** TO DO **
Please repeat exactly the lines from the one containing "2025년 선정된 기업들은" through the last line of the records below, both included, and leave out any pictures.

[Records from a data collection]
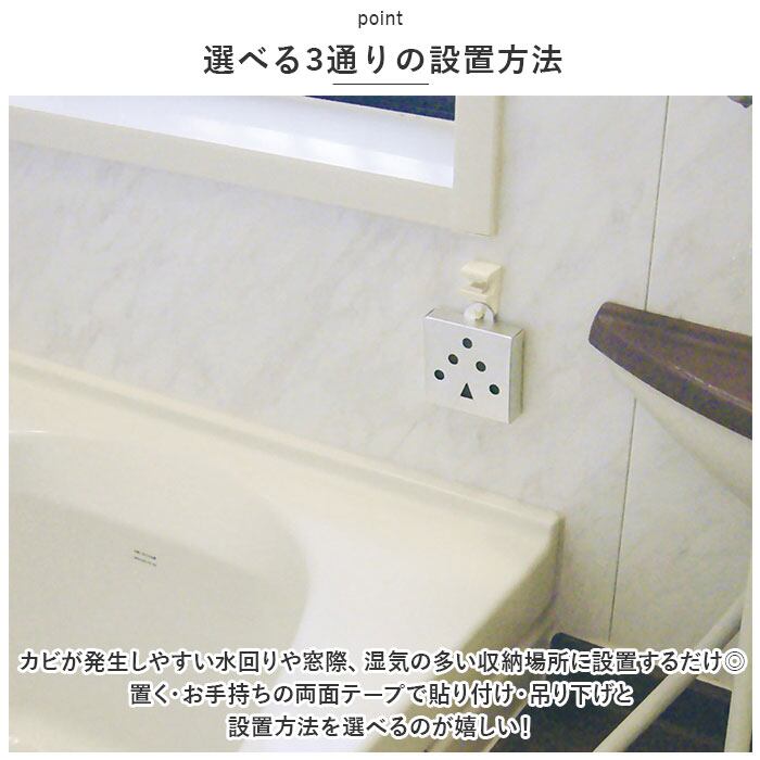 ・カビが発生しやすい水回りや窓際、湿気の多い収納場所に設置するだけ◎置く・お手持ちの両面テープで貼り付け・吊り下げと設置方法を選べるのが嬉しい!(※壁に取り付ける際、材質によりテープ跡が残る場合があります。吊り下げる際は裏面の吊り下げ用立ち上げミシン目部分を利用、フックは別途ご用意ください。)
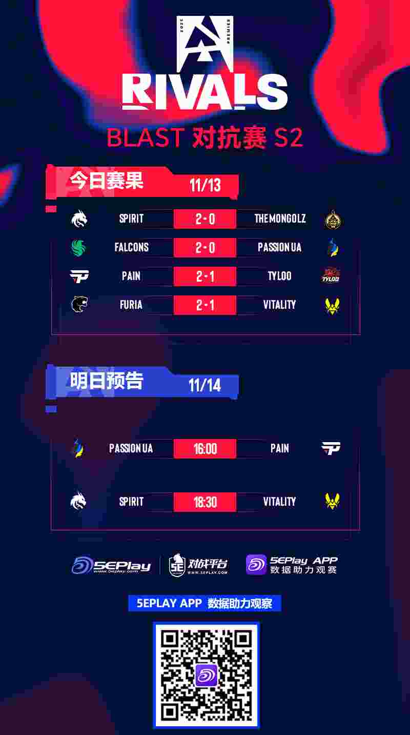明日的1/4比赛,Passion UA将迎战paiN,Spirit对战Vitality。
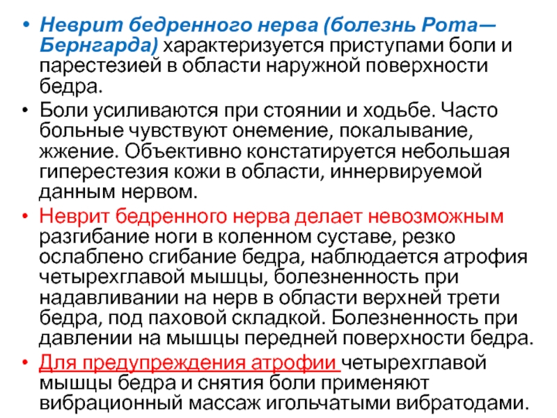 Слайд 33Неврит бедренного нерва (болезнь Рота—Бернгарда) характеризуется приступами боли и парестезией
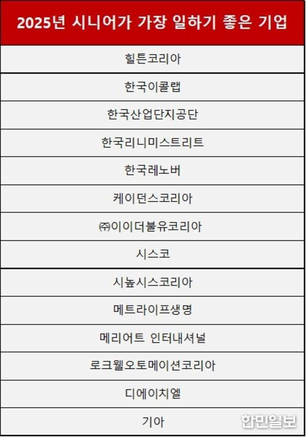 2025년 선정된 기업들은 시니어 직원들을 배려한 정책과 프로그램으로 조직 내 신뢰와 존중 문화를 형성했다는 점에서 높은 평가를 받았다. '2025년 대한민국 시니어가 가장 일하기 좋은 기업은 다음과 같다.
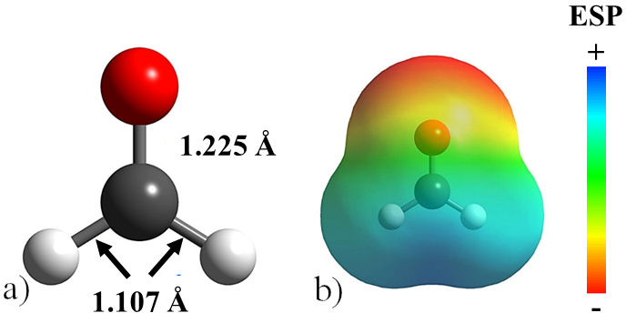 FIGURE 1 a) Optimized structure of the formaldehyde molecule. b) Electrostatic potential map with an isosurface of 0.004 a.u. for the formaldehyde molecule. Relevant bond lengths are indicated.

** ANSWER **
 2025년 선정된 기업들은 시니어 직원들을 배려한 정책과 프로그램으로 조직 내 신뢰와 존중 문화를 형성했다는 점에서 높은 평가를 받았다. '2025년 대한민국 시니어가 가장 일하기 좋은 기업은 다음과 같다.
 FIGURE 1 a) Optimized structure of the formaldehyde molecule. b) Electrostatic potential map with an isosurface of 0.004 a.u. for the formaldehyde molecule. Relevant bond lengths are indicated.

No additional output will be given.